Rickly does not skimp. He writes each sentence as if it might be the last he'll ever get to pen. It's the same punch of urgency that propels every line of his lyrics in Thursday. Most often that urgency works to his advantage; occasionally it hamstrings him. He doesn't write as if his life depends on it — he writes as if his minutes are numbered and nothing can save him from death. His passages of run-on automatic writing almost always overstay their welcome, and at times so do his labored metaphors. But these are cosmetic issues; even at its most awkwardly inward, the book barrels along at the velocity of, well, a really great Thursday song.
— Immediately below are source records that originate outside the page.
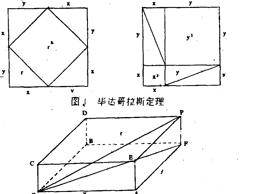 释义 | 毕达哥拉斯定理 毕达哥拉斯定理bidagelasi dingli参见“勾股定理”. ☚ 勾股定理 勾股定理的逆定理 ☛ 毕达哥拉斯定理 毕达哥拉斯定理这个定理说明,在任何直角三角形中,斜边上的正方形面积等于另两边上的正方形面积之和:r2= x2+ y2,欧氏平面几何中这个极为重要的定理,是以公元前六世纪希腊哲学家和数学家毕达哥拉斯命名的,它已有100余种证明方法,其中一个证明是由比较图1中正方形的面积而得到的。 ☚ 概率论 希尔伯特问题 ☛ |
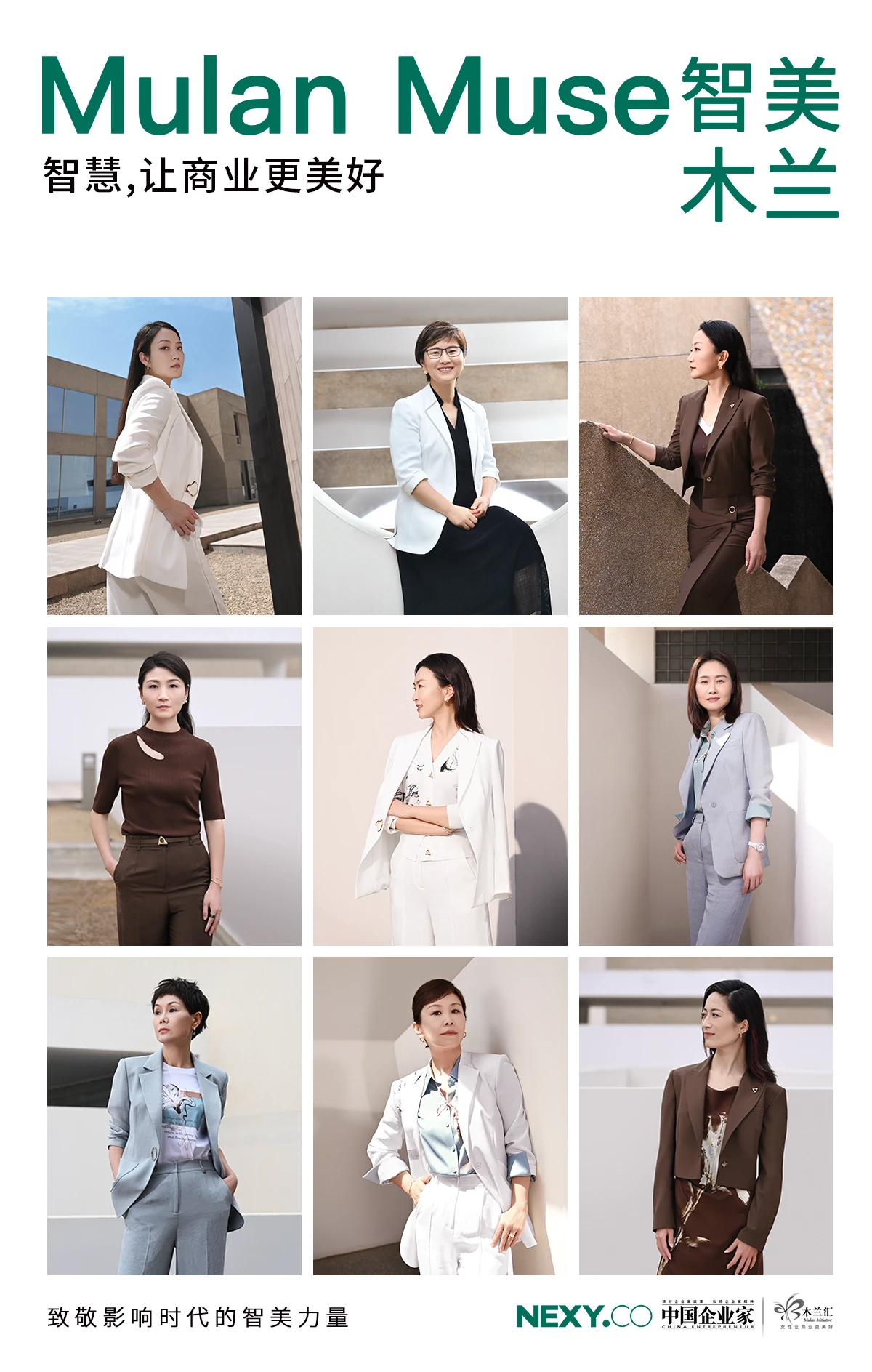本届7.18品牌日,NEXY.CO携手《中国企业家》共同邀请来自不同行业、不同领域的9位商界木兰领袖,分享对“木兰精神”的独到见解,呈现当代女性智美双全的风貌。
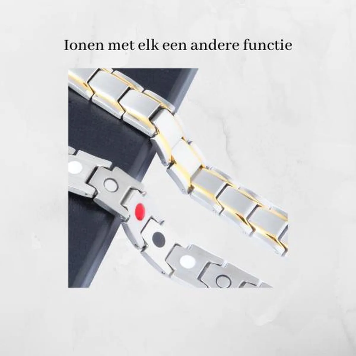 De magnetische armband zorgt ervoor dat negatieve ionen naar uw lichaam worden tegengehouden. Dagelijks krijgen we duizenden negatieve ionen binnen vanuit apparaten zoals mobiele telefoons, computers, tablets etc.

At one point in the story, a medic at a music festival rushes onto the stage after a catharsis-chasing, self-destructive Rickly accidentally cracks his nose open with his microphone. "I'm not a doctor so I wouldn't want to rush a diagnosis," the medic tells Rickly's bandmates. "But I'd say he almost certainly shows signs of being a lead singer. It's a real shame, but there's nothing else I can do for him." Yes, there's also dark humor in Someone Who Isn't Me, and it's one of the many dimensions that helps push the novel in a daringly different direction from so many of its influences. Taken alone, Rickly's book is a solid and promising literary debut. Placed in the context of his entire body of creative work, Someone Who Isn't Me is likely to be the raw, opening salvo of a impressive new career.